------ DATASET ------

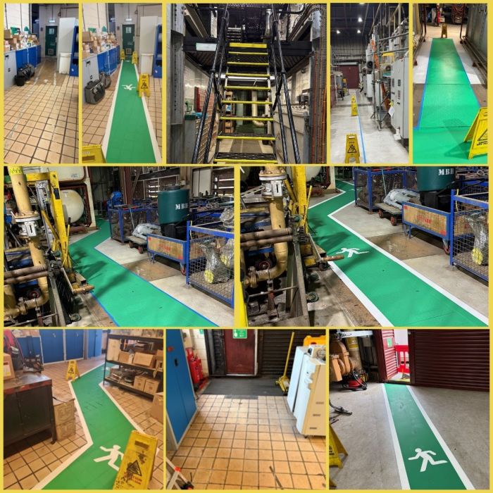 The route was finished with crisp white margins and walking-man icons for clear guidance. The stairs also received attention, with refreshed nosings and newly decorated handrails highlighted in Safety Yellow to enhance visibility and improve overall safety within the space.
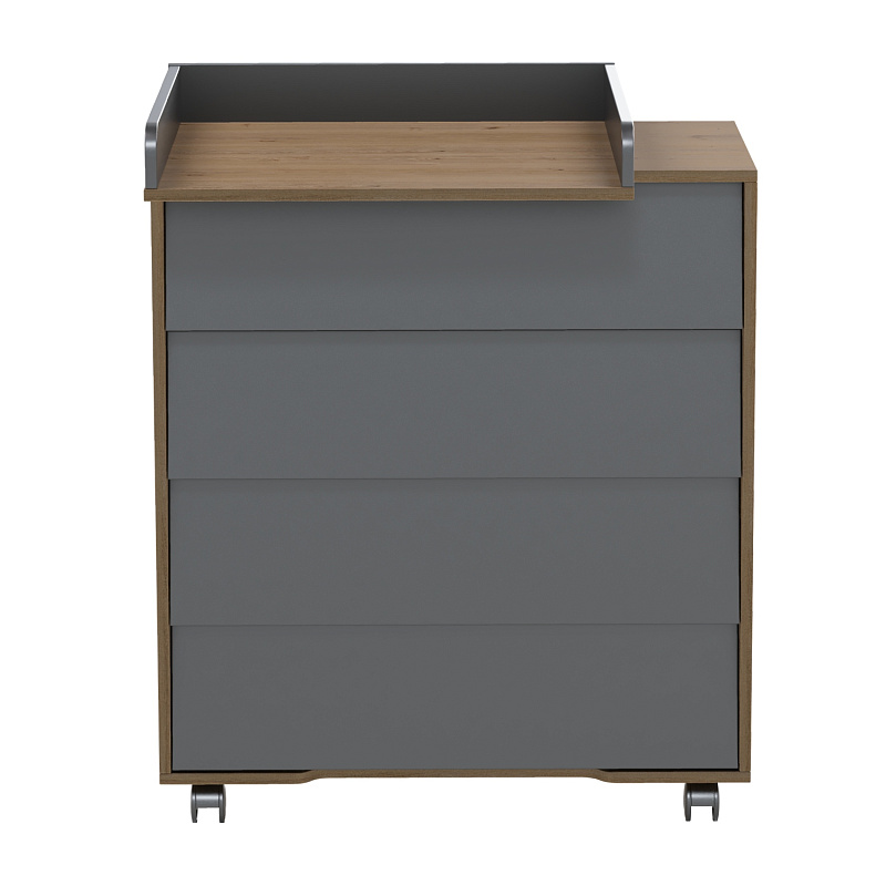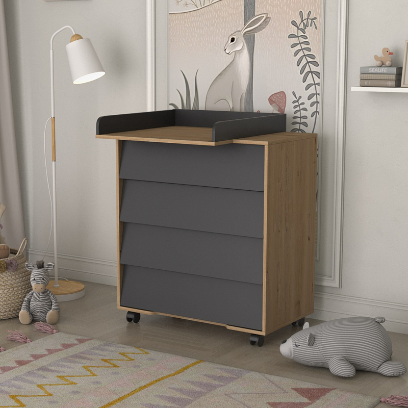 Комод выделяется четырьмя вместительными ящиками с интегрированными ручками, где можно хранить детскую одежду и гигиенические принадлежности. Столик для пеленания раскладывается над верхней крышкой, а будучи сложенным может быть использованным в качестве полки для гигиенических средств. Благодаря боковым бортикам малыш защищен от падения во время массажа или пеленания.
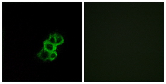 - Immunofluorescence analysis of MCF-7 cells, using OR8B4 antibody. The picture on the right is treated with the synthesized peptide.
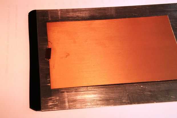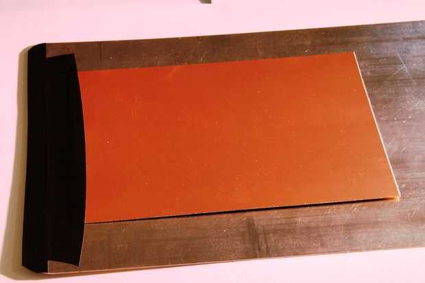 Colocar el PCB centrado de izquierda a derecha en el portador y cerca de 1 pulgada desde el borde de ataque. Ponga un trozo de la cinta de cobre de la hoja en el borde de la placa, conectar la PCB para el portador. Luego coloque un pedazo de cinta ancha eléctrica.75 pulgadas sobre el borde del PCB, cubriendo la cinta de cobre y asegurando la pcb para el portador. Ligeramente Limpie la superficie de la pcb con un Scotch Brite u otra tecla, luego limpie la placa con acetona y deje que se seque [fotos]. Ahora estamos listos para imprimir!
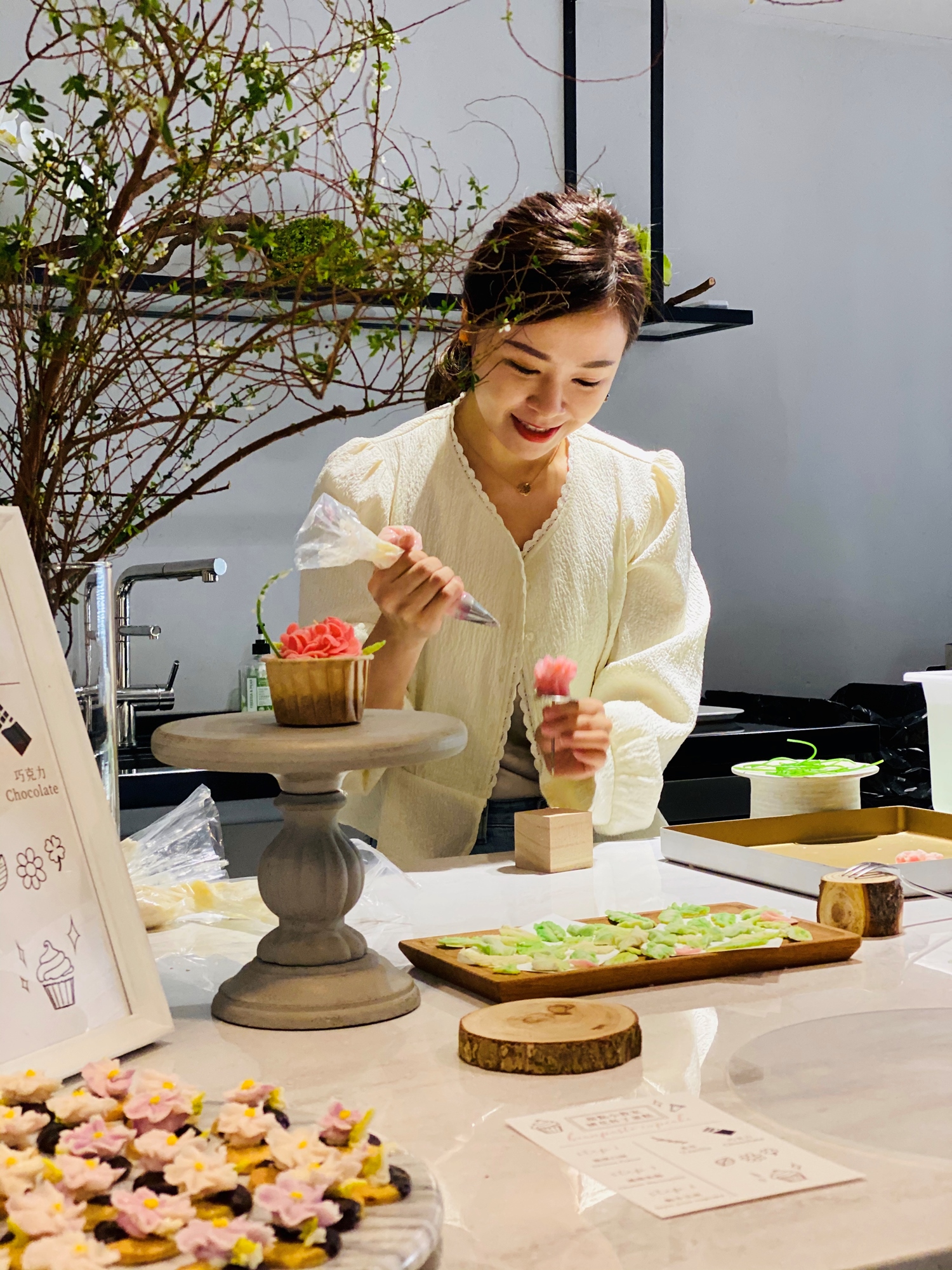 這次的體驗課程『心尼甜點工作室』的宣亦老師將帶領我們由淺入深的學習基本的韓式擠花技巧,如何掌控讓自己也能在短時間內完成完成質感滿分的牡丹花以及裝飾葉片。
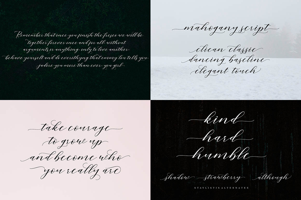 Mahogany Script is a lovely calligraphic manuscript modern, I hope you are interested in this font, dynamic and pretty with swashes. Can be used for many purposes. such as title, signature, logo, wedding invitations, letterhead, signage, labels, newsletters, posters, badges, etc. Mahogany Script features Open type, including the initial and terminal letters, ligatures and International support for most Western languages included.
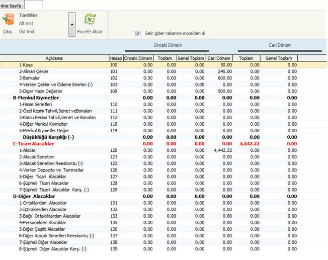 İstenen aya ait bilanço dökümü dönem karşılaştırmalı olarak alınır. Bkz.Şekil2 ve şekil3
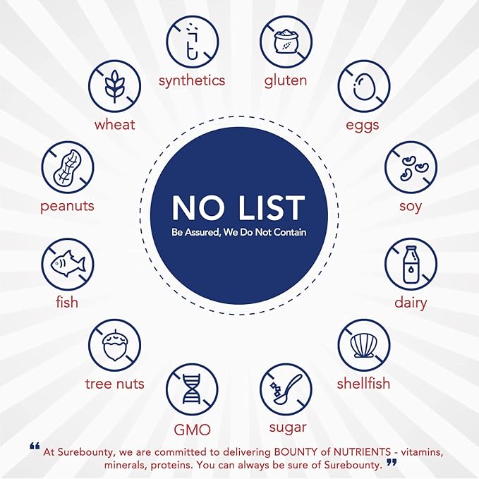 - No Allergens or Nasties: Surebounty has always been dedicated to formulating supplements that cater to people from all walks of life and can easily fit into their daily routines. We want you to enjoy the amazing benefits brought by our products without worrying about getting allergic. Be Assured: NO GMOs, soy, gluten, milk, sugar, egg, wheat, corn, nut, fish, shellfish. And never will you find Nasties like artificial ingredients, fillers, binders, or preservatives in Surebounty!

------

Would you print all of the entries exactly, omitting any image?

_ANSWER_.
 The route was finished with crisp white margins and walking-man icons for clear guidance. The stairs also received attention, with refreshed nosings and newly decorated handrails highlighted in Safety Yellow to enhance visibility and improve overall safety within the space.
 Комод выделяется четырьмя вместительными ящиками с интегрированными ручками, где можно хранить детскую одежду и гигиенические принадлежности. Столик для пеленания раскладывается над верхней крышкой, а будучи сложенным может быть использованным в качестве полки для гигиенических средств. Благодаря боковым бортикам малыш защищен от падения во время массажа или пеленания.
 - Immunofluorescence analysis of MCF-7 cells, using OR8B4 antibody. The picture on the right is treated with the synthesized peptide.
 Colocar el PCB centrado de izquierda a derecha en el portador y cerca de 1 pulgada desde el borde de ataque. Ponga un trozo de la cinta de cobre de la hoja en el borde de la placa, conectar la PCB para el portador. Luego coloque un pedazo de cinta ancha eléctrica.75 pulgadas sobre el borde del PCB, cubriendo la cinta de cobre y asegurando la pcb para el portador. Ligeramente Limpie la superficie de la pcb con un Scotch Brite u otra tecla, luego limpie la placa con acetona y deje que se seque [fotos]. Ahora estamos listos para imprimir!
 這次的體驗課程『心尼甜點工作室』的宣亦老師將帶領我們由淺入深的學習基本的韓式擠花技巧,如何掌控讓自己也能在短時間內完成完成質感滿分的牡丹花以及裝飾葉片。
 Mahogany Script is a lovely calligraphic manuscript modern, I hope you are interested in this font, dynamic and pretty with swashes. Can be used for many purposes. such as title, signature, logo, wedding invitations, letterhead, signage, labels, newsletters, posters, badges, etc. Mahogany Script features Open type, including the initial and terminal letters, ligatures and International support for most Western languages included.
 İstenen aya ait bilanço dökümü dönem karşılaştırmalı olarak alınır. Bkz.Şekil2 ve şekil3
 - No Allergens or Nasties: Surebounty has always been dedicated to formulating supplements that cater to people from all walks of life and can easily fit into their daily routines. We want you to enjoy the amazing benefits brought by our products without worrying about getting allergic. Be Assured: NO GMOs, soy, gluten, milk, sugar, egg, wheat, corn, nut, fish, shellfish. And never will you find Nasties like artificial ingredients, fillers, binders, or preservatives in Surebounty!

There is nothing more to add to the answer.